- INSTRUCTIONS TO FOLLOW:
When you reach the line containing "Государственное бюджетное общеобразовательное", please repeat it and every line after it exactly, through the end of the listing below, skipping pictures.

*** DATASET EXCERPT Section Begins ***

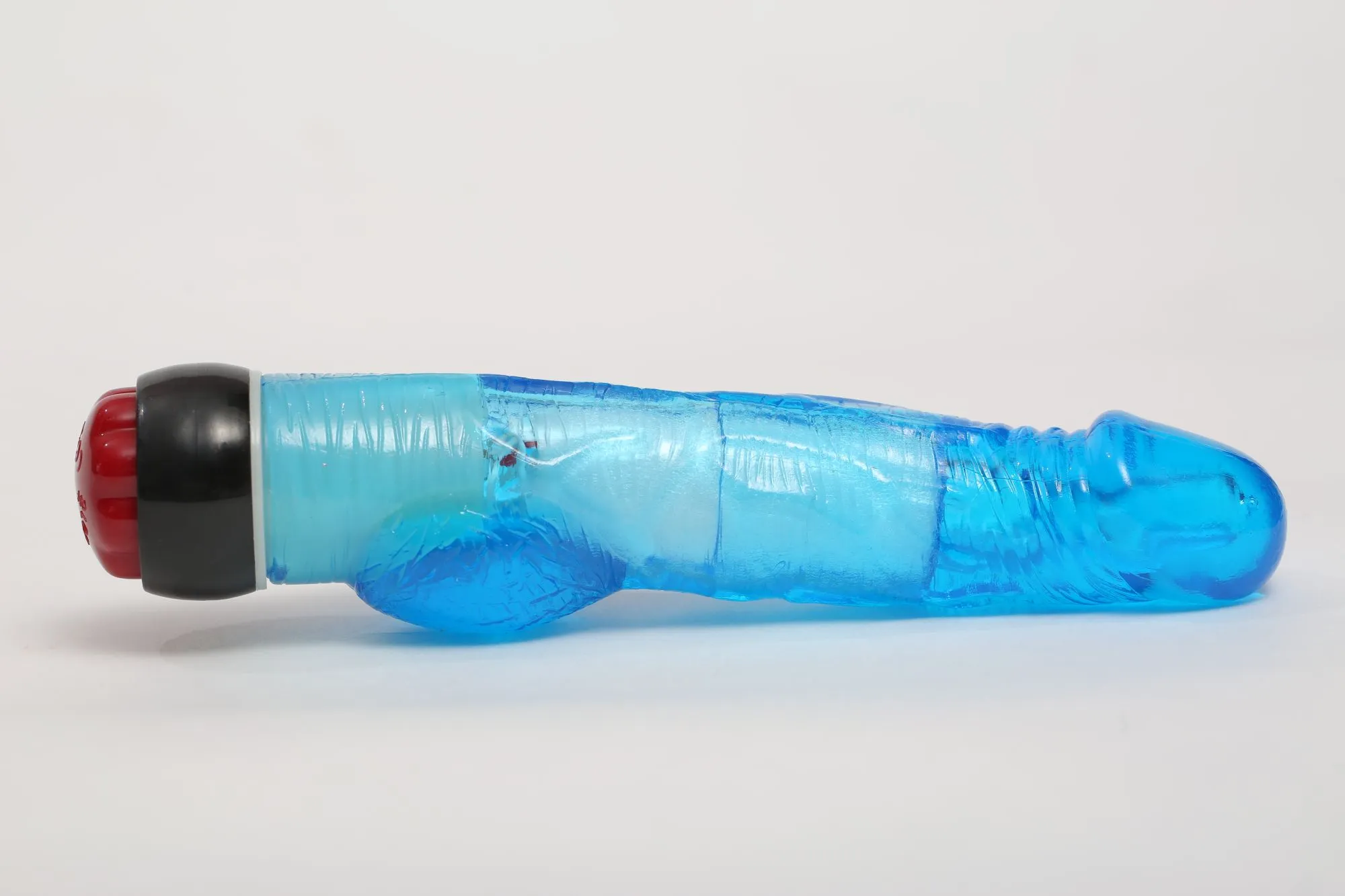 Голубой вибромассажёр, имеет форму члена с ярко-выраженной головкой и мошонкой. Встроенная подсветка «пламя страсти» реагирует на увеличение мощности вибрации. Необычайно приятный, рельефный, выполненный из тпр. Степень вибрации регулируется при помощи кнопки, расположенной в основании. Работает от 2-х батареек АА (нет в комплекте). Общая длина – 21,5 см, рабочая длина-18 см, максимальный диаметр -3,5 см. Упаковка- блистер
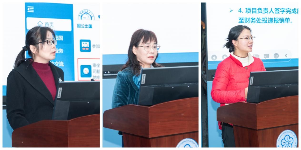 国际合作与交流部李领和陈晨玮分别介绍了2023年我校因公出、来访相关情况,并对重点政策和常见问题进行了详细说明。国际合作与交流部张夏菲结合本年度因公出访审批工作中相关案例,解读了审批流程中的关键环节和注意事项,为大家的实际操作提供了有益的参考和指导。
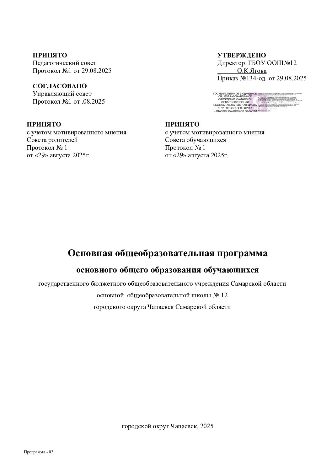 Государственное бюджетное общеобразовательное учреждение Самарской области основная общеобразовательная школа № 12 г.о. Чапаевск Самарской области
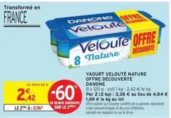 Actuellement en offre chez Intermarché : YAOURT VELOUTÉ NATURE OFFRE DÉCOUVERTE DANONE ✅ Valable du 27-01 au 8-02.

*** DATASET EXCERPT Section Ends ***

- TASK RESULT:
 Государственное бюджетное общеобразовательное учреждение Самарской области основная общеобразовательная школа № 12 г.о. Чапаевск Самарской области
 Actuellement en offre chez Intermarché : YAOURT VELOUTÉ NATURE OFFRE DÉCOUVERTE DANONE ✅ Valable du 27-01 au 8-02.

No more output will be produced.